■ SUPPLIED INFORMATION ■
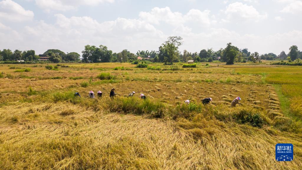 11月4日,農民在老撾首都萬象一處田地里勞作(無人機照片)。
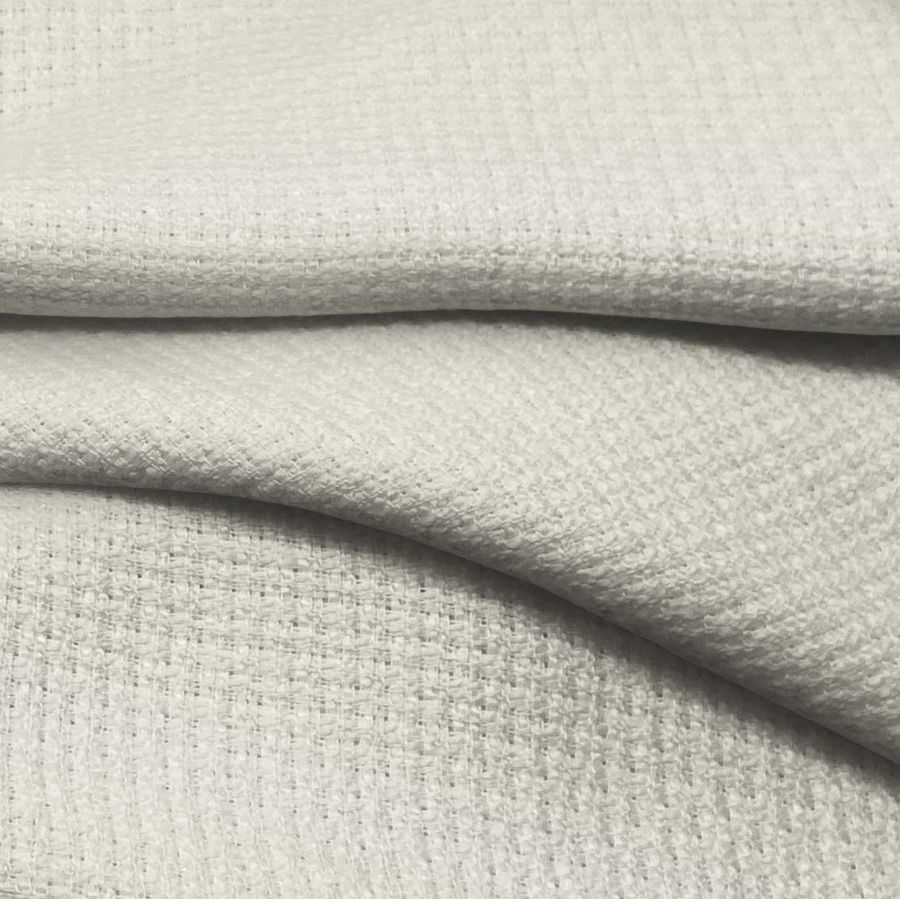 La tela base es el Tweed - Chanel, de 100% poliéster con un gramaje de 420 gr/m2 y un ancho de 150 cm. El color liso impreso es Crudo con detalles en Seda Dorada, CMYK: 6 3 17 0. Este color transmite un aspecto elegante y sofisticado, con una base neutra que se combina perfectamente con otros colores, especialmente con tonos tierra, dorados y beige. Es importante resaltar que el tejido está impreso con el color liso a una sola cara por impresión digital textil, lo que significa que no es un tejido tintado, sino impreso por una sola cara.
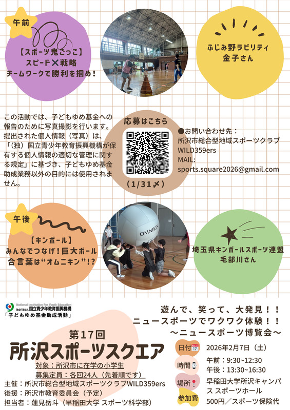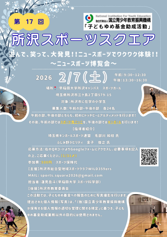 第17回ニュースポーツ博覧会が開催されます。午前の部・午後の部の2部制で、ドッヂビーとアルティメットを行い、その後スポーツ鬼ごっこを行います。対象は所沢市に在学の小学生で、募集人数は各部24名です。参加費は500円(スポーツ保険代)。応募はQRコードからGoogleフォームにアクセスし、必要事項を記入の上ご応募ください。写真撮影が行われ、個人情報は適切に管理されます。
--
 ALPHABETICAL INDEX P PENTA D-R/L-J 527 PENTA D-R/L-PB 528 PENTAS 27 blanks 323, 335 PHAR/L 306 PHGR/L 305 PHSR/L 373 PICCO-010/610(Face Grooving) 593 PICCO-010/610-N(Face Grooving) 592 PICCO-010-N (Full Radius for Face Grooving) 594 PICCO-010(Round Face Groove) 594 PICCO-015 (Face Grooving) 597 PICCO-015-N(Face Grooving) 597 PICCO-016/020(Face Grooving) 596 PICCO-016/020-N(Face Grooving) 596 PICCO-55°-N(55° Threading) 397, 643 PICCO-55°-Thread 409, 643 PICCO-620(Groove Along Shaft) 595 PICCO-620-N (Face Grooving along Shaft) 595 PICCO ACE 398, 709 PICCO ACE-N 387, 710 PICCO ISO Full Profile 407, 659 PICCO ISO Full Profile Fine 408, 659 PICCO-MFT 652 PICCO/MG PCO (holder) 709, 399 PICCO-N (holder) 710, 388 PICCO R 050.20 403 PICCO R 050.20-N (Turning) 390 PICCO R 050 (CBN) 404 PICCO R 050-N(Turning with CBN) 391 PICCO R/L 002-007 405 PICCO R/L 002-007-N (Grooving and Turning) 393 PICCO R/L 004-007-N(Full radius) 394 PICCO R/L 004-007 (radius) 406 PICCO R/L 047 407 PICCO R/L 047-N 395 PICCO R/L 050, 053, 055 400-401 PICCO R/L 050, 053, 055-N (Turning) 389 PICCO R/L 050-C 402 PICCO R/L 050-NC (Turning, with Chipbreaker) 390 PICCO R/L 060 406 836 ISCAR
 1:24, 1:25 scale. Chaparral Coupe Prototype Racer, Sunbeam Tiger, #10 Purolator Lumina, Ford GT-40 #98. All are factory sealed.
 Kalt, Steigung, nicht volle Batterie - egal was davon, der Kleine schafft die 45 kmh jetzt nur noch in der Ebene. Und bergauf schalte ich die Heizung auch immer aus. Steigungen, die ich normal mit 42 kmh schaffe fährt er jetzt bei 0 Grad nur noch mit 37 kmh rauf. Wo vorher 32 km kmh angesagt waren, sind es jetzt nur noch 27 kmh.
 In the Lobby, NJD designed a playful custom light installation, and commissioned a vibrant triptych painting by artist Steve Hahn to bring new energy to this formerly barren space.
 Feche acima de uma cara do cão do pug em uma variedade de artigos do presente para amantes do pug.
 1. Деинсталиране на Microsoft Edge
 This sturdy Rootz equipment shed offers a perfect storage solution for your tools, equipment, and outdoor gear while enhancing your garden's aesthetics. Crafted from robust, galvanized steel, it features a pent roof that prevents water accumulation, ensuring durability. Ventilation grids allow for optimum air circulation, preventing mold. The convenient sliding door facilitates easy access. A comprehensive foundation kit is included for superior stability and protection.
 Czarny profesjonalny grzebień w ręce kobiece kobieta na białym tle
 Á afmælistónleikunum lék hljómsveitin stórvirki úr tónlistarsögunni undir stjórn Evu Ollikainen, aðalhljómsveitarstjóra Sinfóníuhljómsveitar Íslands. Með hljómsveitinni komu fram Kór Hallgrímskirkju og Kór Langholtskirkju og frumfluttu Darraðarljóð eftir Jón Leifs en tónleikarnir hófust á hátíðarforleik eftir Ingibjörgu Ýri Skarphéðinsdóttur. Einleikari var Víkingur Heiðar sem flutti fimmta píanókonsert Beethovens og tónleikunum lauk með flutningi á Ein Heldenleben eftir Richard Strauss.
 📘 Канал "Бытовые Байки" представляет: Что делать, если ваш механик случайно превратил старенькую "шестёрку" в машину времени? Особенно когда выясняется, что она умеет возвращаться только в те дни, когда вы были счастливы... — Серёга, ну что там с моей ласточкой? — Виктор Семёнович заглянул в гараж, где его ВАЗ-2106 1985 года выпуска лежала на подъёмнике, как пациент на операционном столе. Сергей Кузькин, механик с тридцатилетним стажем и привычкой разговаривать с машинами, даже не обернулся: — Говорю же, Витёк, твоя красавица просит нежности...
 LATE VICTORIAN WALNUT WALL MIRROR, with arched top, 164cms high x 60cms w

■ REQUIREMENT ■
Your task is to restate, word for word, only those lines above that fall between the line holding "1:24, 1:25 scale." and the line holding "1. Деинсталиране на Microsoft Edge", inclusive.

■ ANSWER SPACE ■
 1:24, 1:25 scale. Chaparral Coupe Prototype Racer, Sunbeam Tiger, #10 Purolator Lumina, Ford GT-40 #98. All are factory sealed.
 Kalt, Steigung, nicht volle Batterie - egal was davon, der Kleine schafft die 45 kmh jetzt nur noch in der Ebene. Und bergauf schalte ich die Heizung auch immer aus. Steigungen, die ich normal mit 42 kmh schaffe fährt er jetzt bei 0 Grad nur noch mit 37 kmh rauf. Wo vorher 32 km kmh angesagt waren, sind es jetzt nur noch 27 kmh.
 In the Lobby, NJD designed a playful custom light installation, and commissioned a vibrant triptych painting by artist Steve Hahn to bring new energy to this formerly barren space.
 Feche acima de uma cara do cão do pug em uma variedade de artigos do presente para amantes do pug.
 1. Деинсталиране на Microsoft Edge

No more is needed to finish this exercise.